** Opening Data block **

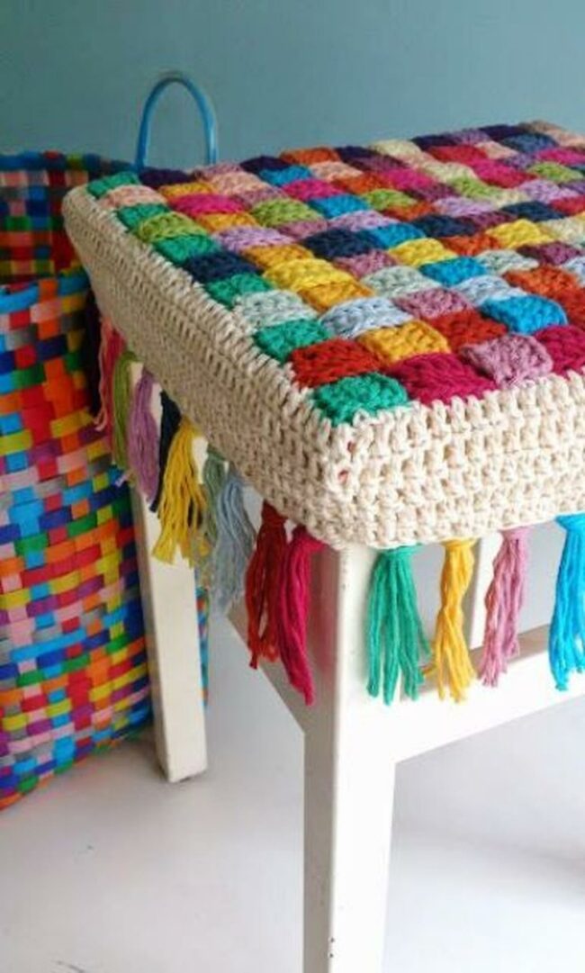 Dazzling multicolored crochet adorns this eye-catching furniture piece with its lively checkerboard pattern squares that instantly grab attention.
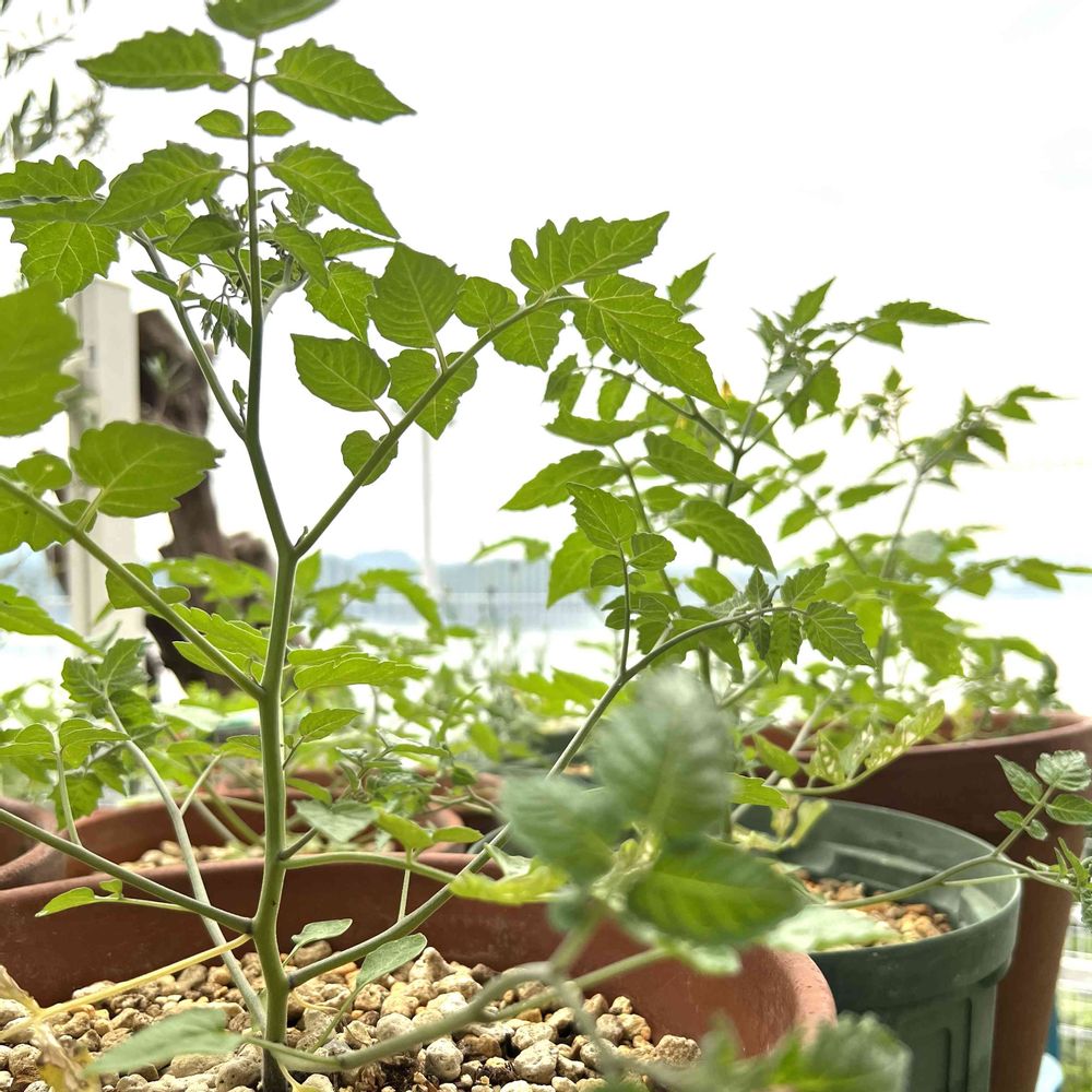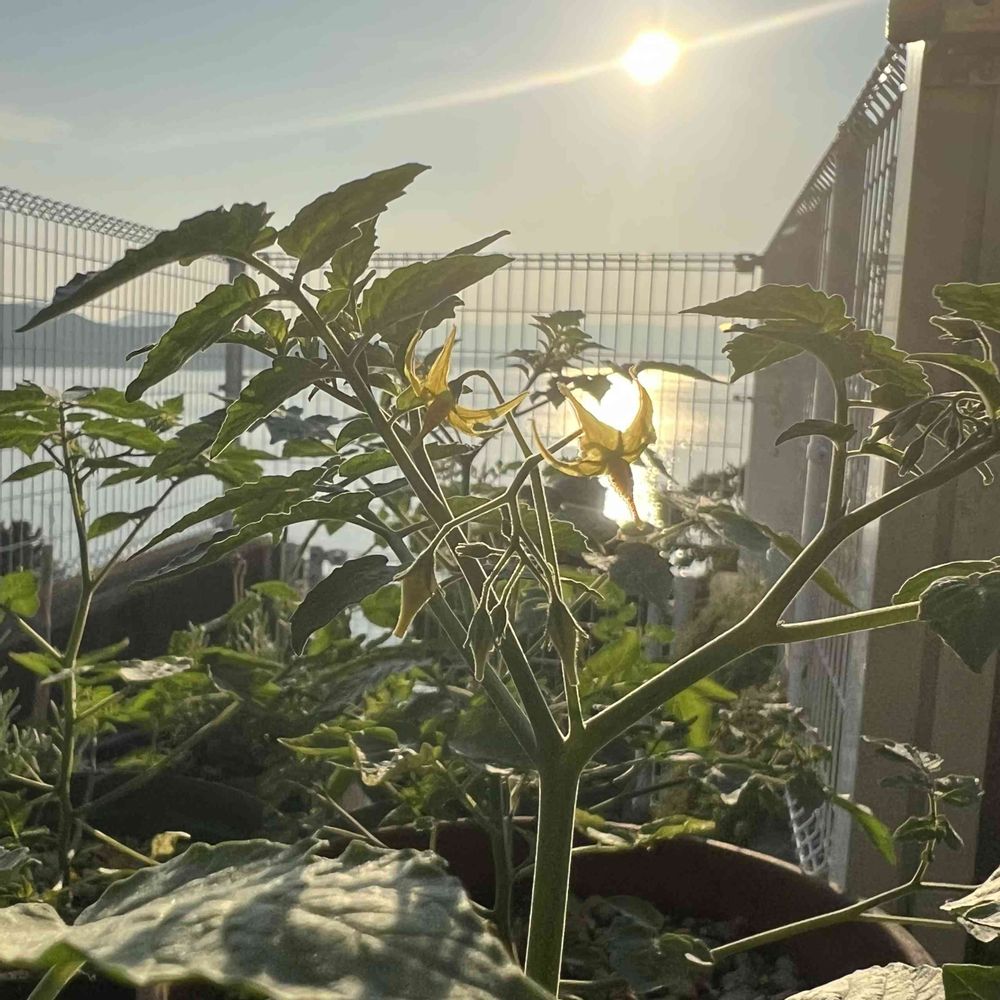 マイクロトマトの花が次々咲き始めています。1センチ程でしょうか。地植えせず素焼き鉢とスリット鉢に植え付けました。
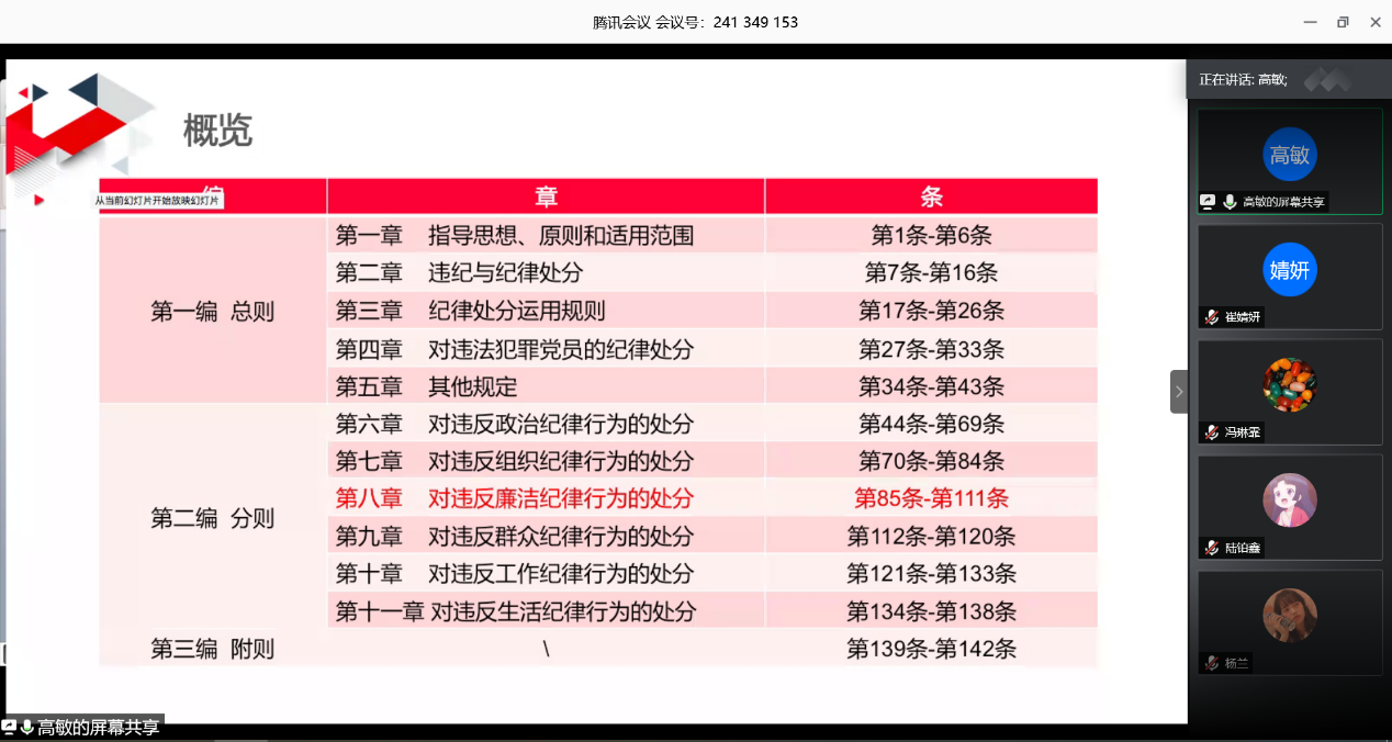 5月19日中午,suncitygroup太阳集团开展了第十三期发展对象培训班第5次线上党课。公司党委副书记高敏为公司发展对象讲述了“中国共产党纪律处分条例及廉洁自律准则”的专题党课。

** Closing Data block **

:: Exercise ::
Please give back the data above word for word, with no pictures included.

:: Exercise answer ::
 Dazzling multicolored crochet adorns this eye-catching furniture piece with its lively checkerboard pattern squares that instantly grab attention.
 マイクロトマトの花が次々咲き始めています。1センチ程でしょうか。地植えせず素焼き鉢とスリット鉢に植え付けました。
 5月19日中午,suncitygroup太阳集团开展了第十三期发展对象培训班第5次线上党课。公司党委副书记高敏为公司发展对象讲述了“中国共产党纪律处分条例及廉洁自律准则”的专题党课。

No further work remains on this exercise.